The CNN model was compiled using the Adam optimizer and SparseCategoricalCrossentropy loss function. SparseCategoricalCrossentropy is a loss function used for multiclass classification problems in deep learning models such as neural networks. The convolutional layers utilized 64 filters with kernels, followed by max pooling, and the model architecture included three convolutional blocks before flattening and two dense layers (see Table 4). For model training, structured hyperparameter searches like grid search for critical parameters (e.g., learning rate) and random search for architectural choices were implemented. Finally, the model adopted the Adam optimizer with a learning rate of 0.001 and the batch size was set to 32. The model was trained for 100 epochs with early stopping (patience = 30) to halt training if validation performance plateaued, ensuring computational efficiency while maintaining model accuracy.
These experiments were carried out to verify and compare the Fréchet, DTW, and CNN methods for time series curve similarity. Through experimentation, it was found that all three methods did not require the time series curves to be aligned on the time axis and could handle time series curves of different lengths. The CNN learning model could tolerate anomalies and distortions in all types of time series curves and obtained more accurate results than the Fréchet and DTW algorithms.
The results presented in Table 5 demonstrate the validity of both the Fréchet and DTW algorithms in accurately categorizing the test cases from Scenario 1 and 5. Scenario 1 consisted of 200 real cases split between two shape categories: W and M shapes. The DTW algorithm correctly distinguished between these two categories with accuracies of 97% and 98% (values adjacent to the (|) are based on real cases in SensorData and FinData, respectively). Comparatively, the Fréchet algorithm achieved 86% and 79% accuracy in categorizing the test cases of these two shape types. This evidence supports the superior validity of the DTW algorithm over the Fréchet algorithm for this classification task.

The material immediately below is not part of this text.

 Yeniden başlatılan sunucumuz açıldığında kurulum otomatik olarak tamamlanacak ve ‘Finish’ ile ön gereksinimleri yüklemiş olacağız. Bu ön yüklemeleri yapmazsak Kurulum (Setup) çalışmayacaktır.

Figure 6 shows the accuracy achieved by the Fréchet and DTW algorithms in identifying different combinations of time series pattern shapes across test Scenarios 1 through 4. The x-axis lists the test scenario IDs, each representing a different set of pattern shapes to be distinguished. The y-axis shows the accuracy values. This highlights how the accuracy of both algorithms degraded when more pattern categories, especially the random “Other” shape, were introduced.
Referring to Figure 6, in test Scenario 1 (200 real cases, [W, M]), only two shapes are observed (W and M). Fréchet accuracy declines sharply (from 79–88% to 16–17%) with the inclusion of the “Other” category (Scenario 4), while DTW shows higher robustness but still experiences a significant drop (from 97–98% to 47–66%). As the number of shape categories increases, particularly with the addition of a random/arbitrary shape, the accuracy of both algorithms declines.

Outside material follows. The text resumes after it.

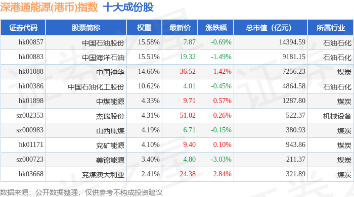 深港通能源(港币)(983014)指数十大成份股详情如下: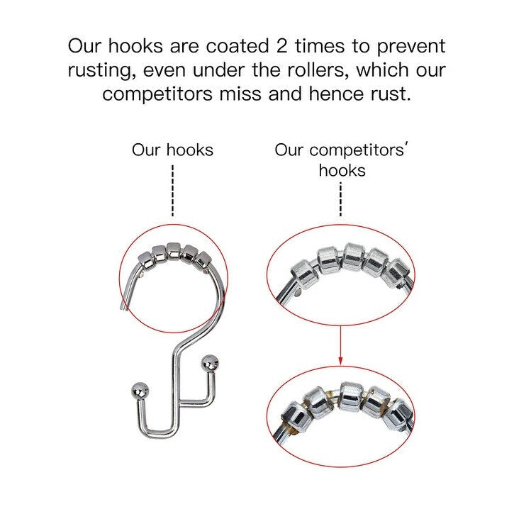 Crochets de douche Utopia Alley - Anneaux de rideau de douche doubles pour salle de bain - Crochets de rideau de douche antirouille - Lot de 12, Chrome

In Figure 7, we show how the accuracy of the CNN model for the 500 real test cases (test Scenario 5 with all 5 pattern shapes [W, M, nAn, vVv, Other]) changed as the size of the simulated training dataset increased. The x-axis represents the different sizes of the simulated training datasets used, ranging from 200 to 10,000 cases. The y-axis shows the accuracy values. The plot demonstrates that as more simulated training data was provided to the CNN, allowing it to learn from a larger variety of examples, its accuracy on the real test cases improved substantially. The accuracy increased to 86–98% as the training set size reached 10,000 simulation cases.

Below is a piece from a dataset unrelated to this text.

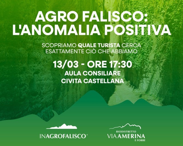 | Il 13 marzo alle ore 17:30, presso l’Aula Consiliare del Comune di Civita Castellana, verrà presentato lo studio “Agro Falisco: l’anomalia positiva. Scopriamo quale turista cerca esattamente ciò che abbiamo da offrire“, un’analisi strategica dedicata al posizionamento turistico dell’Agro Falisco e dei comuni che fanno parte del Biodistretto della Via Amerina e delle Forre. L’incontro rappresenta il primo tentativo di costruire una visione organica di marketing territoriale per quest’area, partendo da un’analisi strutturata del contesto, dell’ecosistema locale e delle prospettive del turismo nei prossimi anni. Durante la conferenza verranno presentati i principali passaggi dello studio, sviluppato attraverso strumenti avanzati di analisi dei dati e di intelligenza artificiale applicata alla ricerca di mercato. L’obiettivo è comprendere come valorizzare in modo più efficace le caratteristiche distintive del territorio e individuare i segmenti di pubblico più coerenti con la sua identità. L’incontro è rivolto ad amministratori, operatori turistici, imprese agricole e a tutti gli attori del territorio interessati a costruire una strategia condivisa per lo sviluppo turistico dell’Agro Falisco. |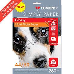 Фотобумага Lomond Simply (1103111) A4 260 г/м2 глянцевая, односторонняя, 300 листов Код: 23328

As the size of the simulated training dataset increases, the CNN model has more diverse examples to learn from. This allows the model to better capture the features and patterns in time series data, leading to improved accuracy. This increase in accuracy can be attributed to the model’s ability to generalize better with more training data.

6. Conclusions

This study conducted an analysis of time series similarity, focusing on identifying typical patterns in time series data using Fréchet Distance, DTW, and a CNN. A novel approach, a Pattern-Driven Case Generator (PDCG), was introduced to generate simulation data to efficiently train the CNN model. By integrating bio-inspired diversity generation (via the PDCG) and hierarchical learning (via a CNN), this study bridges computational models with neural network principles, offering a novel paradigm for time series analysis. The study meticulously compared the performance of the Fréchet Distance, DTW, and CNN models in categorizing complex time series patterns such as W-, M-, nAn-, vVv-shaped, and others.
Through experimentation, it was found that all three methods do not require the time series curves to be aligned on the time axis and can handle time series curves of different lengths. The study revealed nuanced performances across the Fréchet Distance, DTW, and CNN models. CNN models demonstrate superior adaptability and accuracy, particularly with extensive training data, reaching 86–98% accuracy with 10,000 simulation cases for training. The Fréchet model achieved 79–88% accuracy, while DTW achieved 97–98% accuracy in handling time series curves with W- and M-shaped curves. However, expanding to five shapes sharply reduced the Fréchet model’s accuracy to 17%, while the DTW accuracy dropped significantly to 47–66%. As the number of shape categories increased, particularly with the addition of a random/arbitrary shape, the accuracy of both algorithms declined.
This study highlighted the novel use of a PDCG for simulation data generation, which is pivotal for CNN training. It could distinguish well between all the different types of patterns using simulation data produced by the PDCG for different real-world scenarios. With 10,000 training simulation cases, the PDCG-enhanced CNN achieved 86–98% accuracy, significantly outperforming Fréchet and DTW, validated across synthetic and real datasets. This innovative approach enhances the training process, allowing the CNN to better learn and identify various time series patterns. This reveals that the CNN’s adaptability and accuracy are partly due to the diverse and large dataset provided by the PDCG, which is crucial for deep learning models. The relationship between dataset quality and model performance is a critical finding of this study.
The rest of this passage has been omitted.